Work to complete
Taking the line that contains "FIGURA 5: Grupo" as the first, copy each line exactly up to and including the last line below.

Dataset extract
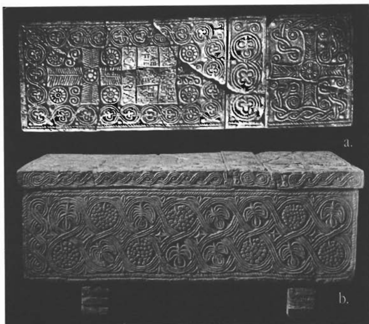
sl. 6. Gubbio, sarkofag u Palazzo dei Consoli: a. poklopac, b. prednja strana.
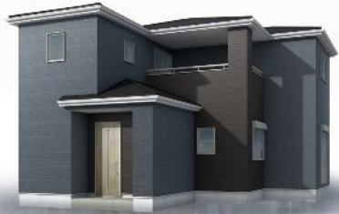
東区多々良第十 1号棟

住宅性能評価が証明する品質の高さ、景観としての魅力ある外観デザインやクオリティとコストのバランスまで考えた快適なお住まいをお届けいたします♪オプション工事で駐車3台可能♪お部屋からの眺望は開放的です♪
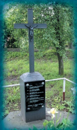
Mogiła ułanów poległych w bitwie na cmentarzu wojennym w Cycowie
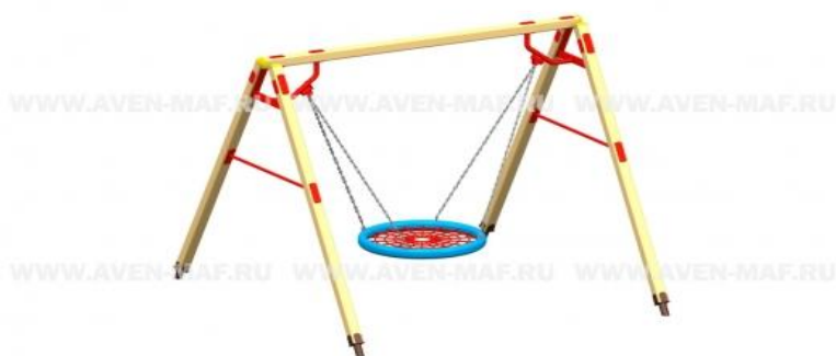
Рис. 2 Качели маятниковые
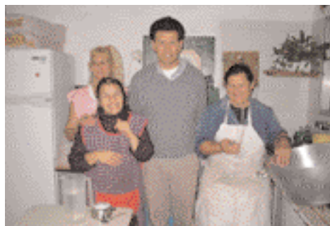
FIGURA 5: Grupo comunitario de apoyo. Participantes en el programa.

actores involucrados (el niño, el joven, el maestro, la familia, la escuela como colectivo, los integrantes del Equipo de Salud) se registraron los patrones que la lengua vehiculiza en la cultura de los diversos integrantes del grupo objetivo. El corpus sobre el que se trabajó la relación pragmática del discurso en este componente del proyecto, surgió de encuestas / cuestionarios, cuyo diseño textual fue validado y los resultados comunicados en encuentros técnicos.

Answer to this task
FIGURA 5: Grupo comunitario de apoyo. Participantes en el programa.

actores involucrados (el niño, el joven, el maestro, la familia, la escuela como colectivo, los integrantes del Equipo de Salud) se registraron los patrones que la lengua vehiculiza en la cultura de los diversos integrantes del grupo objetivo. El corpus sobre el que se trabajó la relación pragmática del discurso en este componente del proyecto, surgió de encuestas / cuestionarios, cuyo diseño textual fue validado y los resultados comunicados en encuentros técnicos.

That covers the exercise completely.